Saturday, January 23, 2016

That Was the Day We First Realized We Didn't Fully Know Our Names, Yours or Mine, and We Left Quietly Amid the Gray Snow Falling



  • Earthgirl clearing path for Momcat and Frankie to get to food this morning. They didn't stay in the heated cat tents we bought. There's eighteen inches so far, we're supposedly only halfway as I type this. While it is true that I don't mind being marooned as much as I once did, I still hate motherfucking snow as much and more than ever.
  • Snow, not laziness, is why Earthgirl left the giftmas lights up.
  • Blegsylvanian news. I've had zero response to my one solicitation to revive Blogroll Amnesty Day on February 1. I followed a link a few days ago to a blog that rolled all the blogs I tried to gain a spot on the rolls in 2008 - remember Booman and Dohiyi Mir and Upyernoz and etc? - and it was like visiting a Western Pennsylvania ghost town both politically (before my apostasies, when I was still a tribalist) and bleggally (Blegsylvania dying, yo).

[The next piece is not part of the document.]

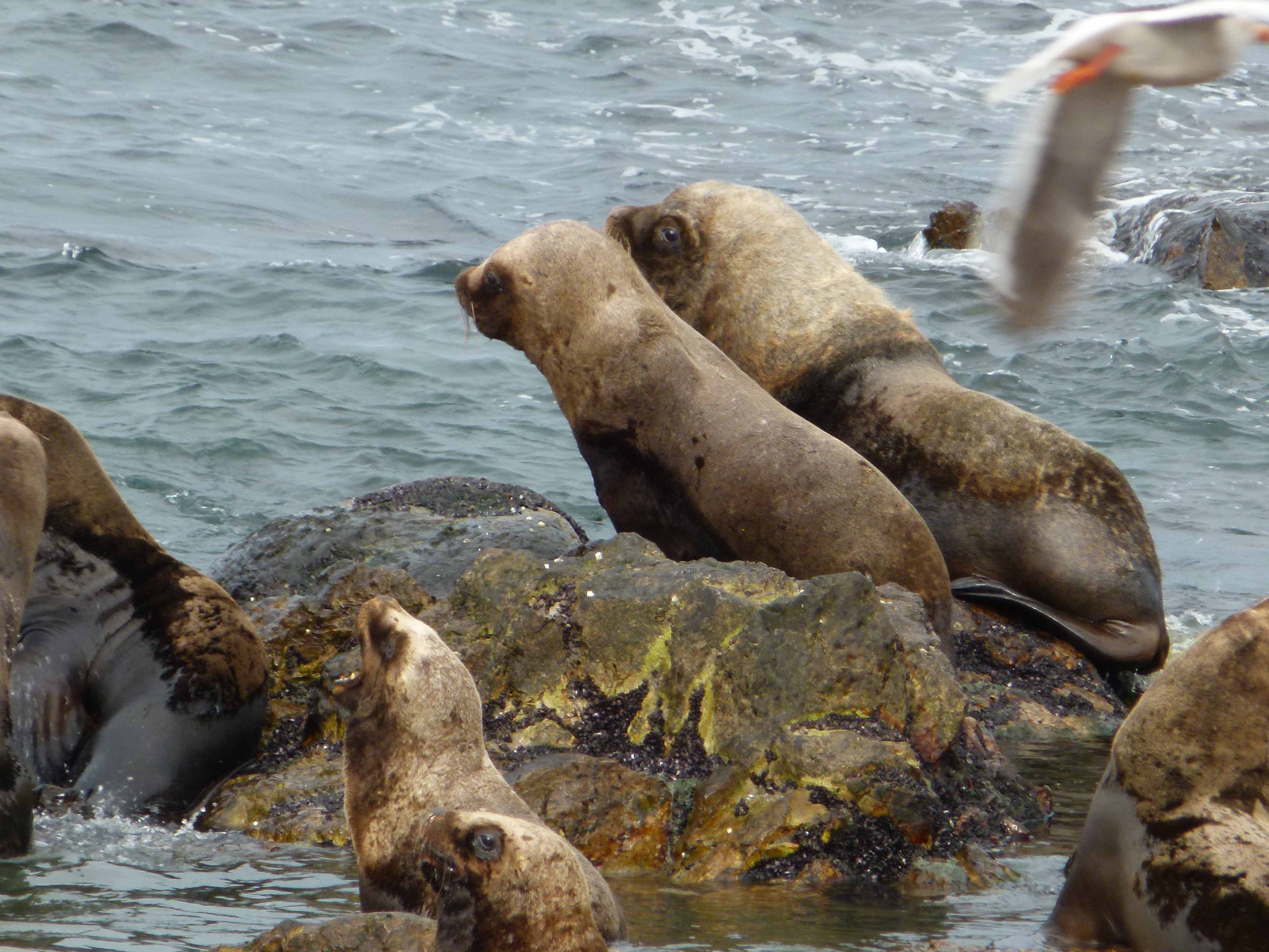 Felsenpinguine und Seelöwen

As for Dusty - she was always Kind to me.
  • I think Dohiyi Mir once blogrolled me, I think he was the only Eschatonian who did.
  • Be Kind, motherfuckers.
  • Attacking Sanders is about attacking Warren?
  • Today's rhetorical question
  • Hillary laughs.
  • The day someone bombs a US wedding.
  • An intolerable enormity. Worth the read, but also, the first time in ages I've seen the word enormity used correctly.
  • Ceravolo.
  • Rivers and mountains.
  • Here's the big news: NEW TINDERSTICKS!







CROSSROADS IN THE PAST

John Ashbery

That night the wind stirred in the forsythia bushes,
but it was a wrong one, blowing in the wrong direction.
“That’s silly. How can there be a wrong direction?
‘It bloweth where it listeth,’ as you know, just as we do
when we make love or do something else there are no rules for.”

I tell you, something went wrong there a while back.
Just don’t ask me what it was. Pretend I’ve dropped the subject.
No, now you’ve got me interested, I want to know
exactly what seems wrong to you, how something could

seem wrong to you. In what way do things get to be wrong?
I’m sitting here dialing my cellphone
with one hand, digging at some obscure pebbles with my shovel
with the other. And then something like braids will stand out,

on horsehair cushions. That armchair is really too lugubrious.
We’ve got to change all the furniture, fumigate the house,
talk our relationship back to its beginnings. Say, you know
that’s probably what’s wrong—the beginnings concept, I mean.
I aver there are no beginnings, though there were perhaps some
sometime. We’d stopped, to look at the poster the movie theater

had placed freestanding on the sidewalk. The lobby cards
drew us in. It was afternoon, we found ourselves
sitting at the end of a row in the balcony; the theater was unexpectedly
crowded. That was the day we first realized we didn’t fully
know our names, yours or mine, and we left quietly
amid the gray snow falling. Twilight had already set in.